Environmentalists are not happy, and frankly, no one who cares about linguistics should be either.
A renewable resource doesn't get depleted with use: the sun keeps shining if we harvest solar power, the wind keeps blowing if we erect turbines, the earth keeps producing heat if we harness geothermal power. But nuclear?
Sandy Bahr, chapter director of the Arizona Sierra Club, said "the very nature of mining"--which must be done to get nuclear material--"is that you are depleting a resource." Thus, nuclear energy cannot be called renewable.
As it stands now, the Arizona Administrative Code R14-2-1801 says nuclear and fossil fuels are not renewable resources. But Senator Steve Smith, a Republican from District 23, and the main sponsor of SB 1134, would like that to be changed.
He told the committee that by not recycling nuclear fuel rods like some European countries do, Arizona is missing out on a lot of potential energy. "Basically we just want to burn that energy twice," he said, and should Arizona decide to incorporate that technology in the future, this bill would allow us to count that as a renewable energy source.
After a handful of citizens and energy industry officials spoke for or against the bill, it was in the hands of the committee. Senator Lynne Pancrazi said she considers nuclear an "alternative energy," but "can't agree that nuclear is renewable;" Senator David Bradley said he "[appreciates] the fact that technology is allowing us to use rods a few times, but that doesn't make it a renewable;" and Senator Sylvia Allen said they could argue back and forth about the definitions of renewable and recyclable, but that it isn't the point of the bill."
What is the point of the bill, then, Senator Allen?
In the end, SB 1134 passed by one vote. "Luckily, it has a ways to go," Bahr told New Times.

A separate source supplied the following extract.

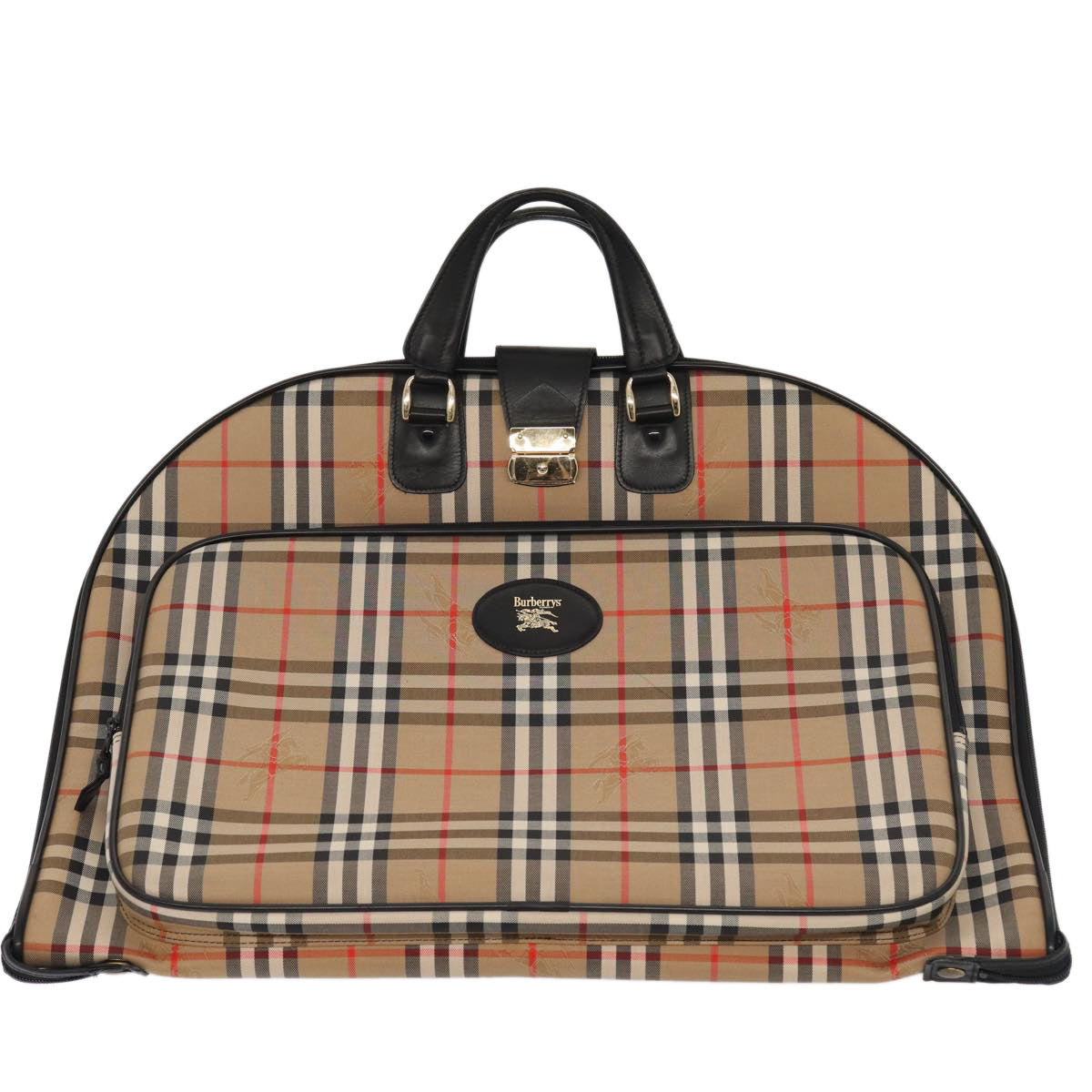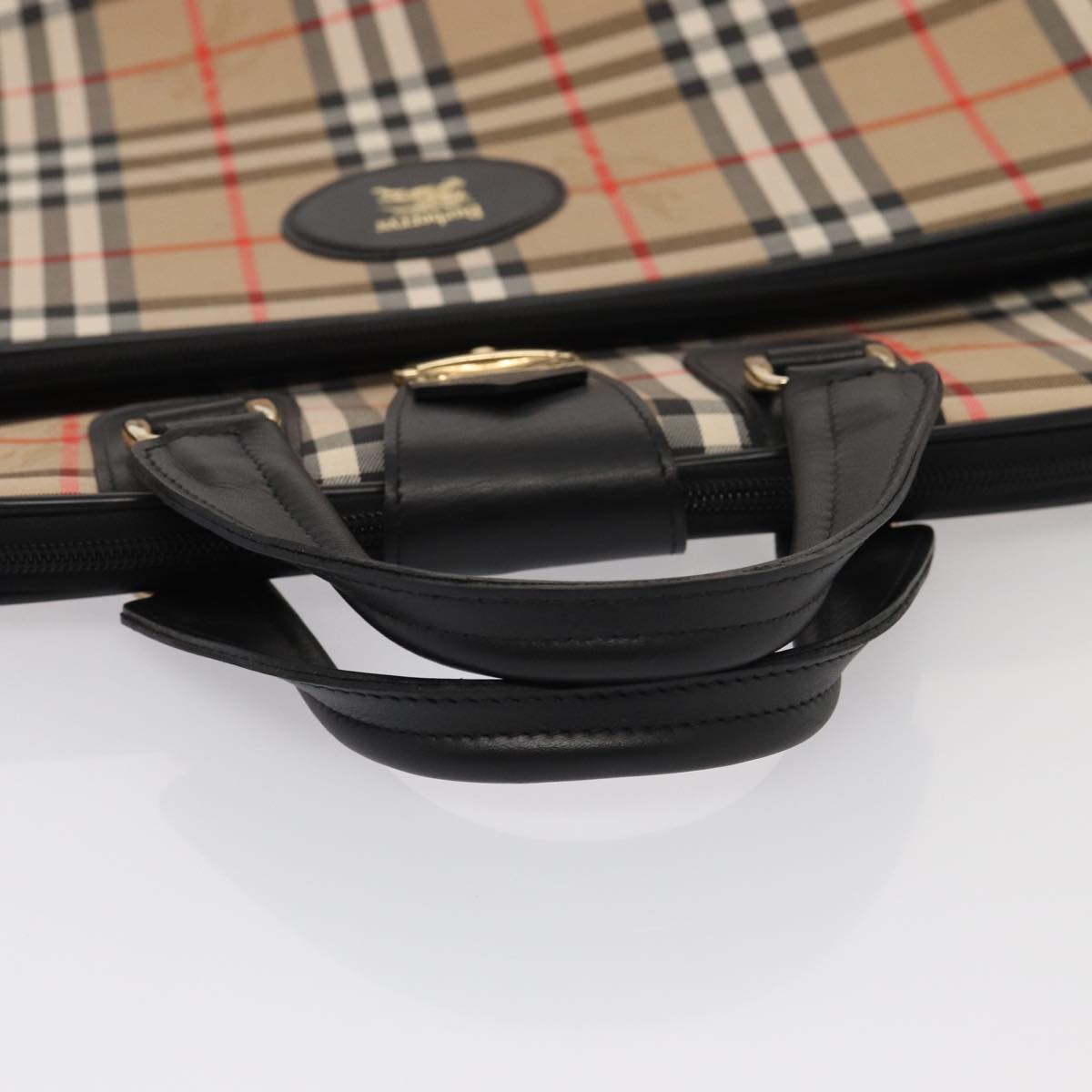 BURBERRYSs Nova Check Garment Cover Canvas Leather Beige Black gold Auth 86956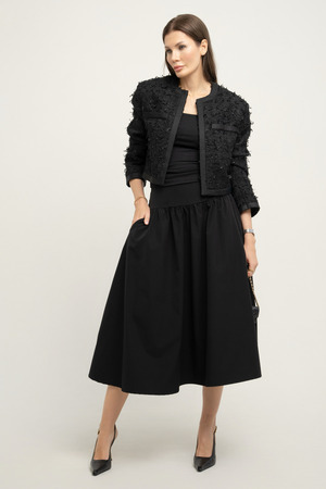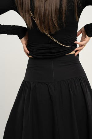 Черный цвет — это вечная классика, легко сочетающаяся с любыми оттенками и аксессуарами. Юбка идеально подходит для создания стильных и элегантных образов, будь то офисный дресс-код или особое мероприятие.

The bill still needs to get through the rules committee, the Senate, and the House of Representatives, which rejected a similar bill last year. "We'll see about this year, though" she said.
After the committee session, New Times caught up with Senator Smith and asked about his bill. What, for instance, is the difference between recyclable resources and renewable ones. He paused for moment, and then smiled. When it comes to nuclear materials, he said,"we have so much that can be reused that it's almost renewable!"